__WHAT YOU HAVE TO DO__.
Output, verbatim and without pictures, the lines from the first line of the listing through the line containing "Camicia in pizzo".

__DATA PROVIDED__.

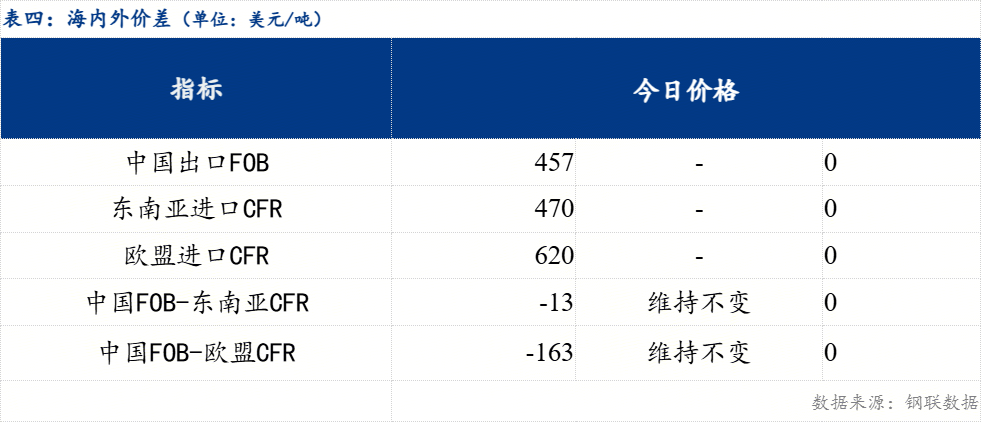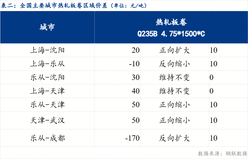 从区域价差来看,华东与东北价差20元/吨,较上一交易日正向扩大10元/吨;华东与华南价差-10元/吨,较上一交易日正向缩小10元/吨;华南与华北价差50元/吨,较上一交易日正向缩小10元/吨。
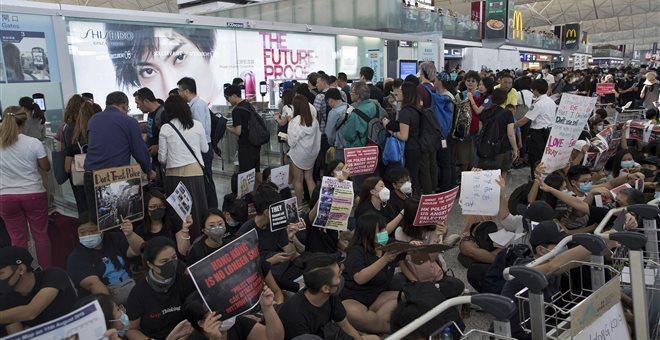 Η αερολιμενική αρχή ματαίωσε χθες, Δευτέρα, όλες τις πτήσεις προς και από το αεροδρόμιο και ο αερομεταφορέας του Χονγκ Κονγκ, η Cathay Pacific Airways, ανακοίνωσε σήμερα πως ανέστειλε όλα τα check-in.
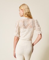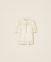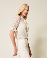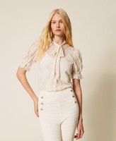 Camicia in pizzo con nastro al collo da annodare a fiocco. Ha maniche corte con arricciatura ai giri ed elastico al fondo effetto balloon, chiusura con bottoni, top rimovibile abbinato, linea dritta.
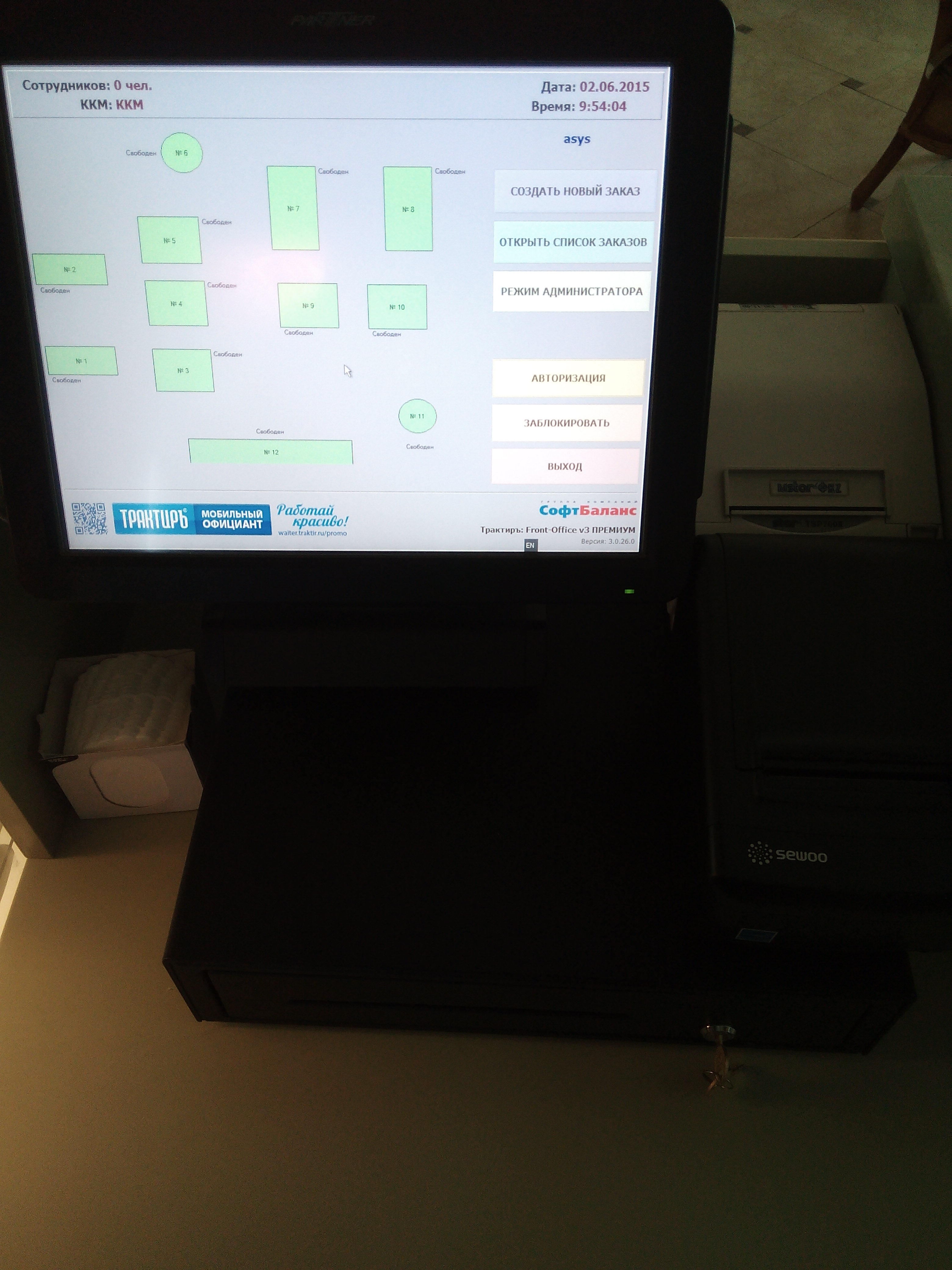 В ресторан на кассовое место был установлен Трактиръ: Front-Office v3 ПРЕМИУМ с моноблоком Partner Tech SP-600 15" и фискальным регистратором MSTAR-TK-KZ. В качестве станций официанта были предложены смартфоны Prestigio MultiPhone 5" с инновационным мобильным приложением iRECA: Официант, которые позволили сотрудникам оформлять заказы непосредственно у стола посетителя и сразу же передавать их в Трактиръ: Front-Office и на кухню по средствам сетевых принтеров Sewoo LK-TЕ122.

__ANSWER TO THIS EXERCISE__.
 从区域价差来看,华东与东北价差20元/吨,较上一交易日正向扩大10元/吨;华东与华南价差-10元/吨,较上一交易日正向缩小10元/吨;华南与华北价差50元/吨,较上一交易日正向缩小10元/吨。
 Η αερολιμενική αρχή ματαίωσε χθες, Δευτέρα, όλες τις πτήσεις προς και από το αεροδρόμιο και ο αερομεταφορέας του Χονγκ Κονγκ, η Cathay Pacific Airways, ανακοίνωσε σήμερα πως ανέστειλε όλα τα check-in.
 Camicia in pizzo con nastro al collo da annodare a fiocco. Ha maniche corte con arricciatura ai giri ed elastico al fondo effetto balloon, chiusura con bottoni, top rimovibile abbinato, linea dritta.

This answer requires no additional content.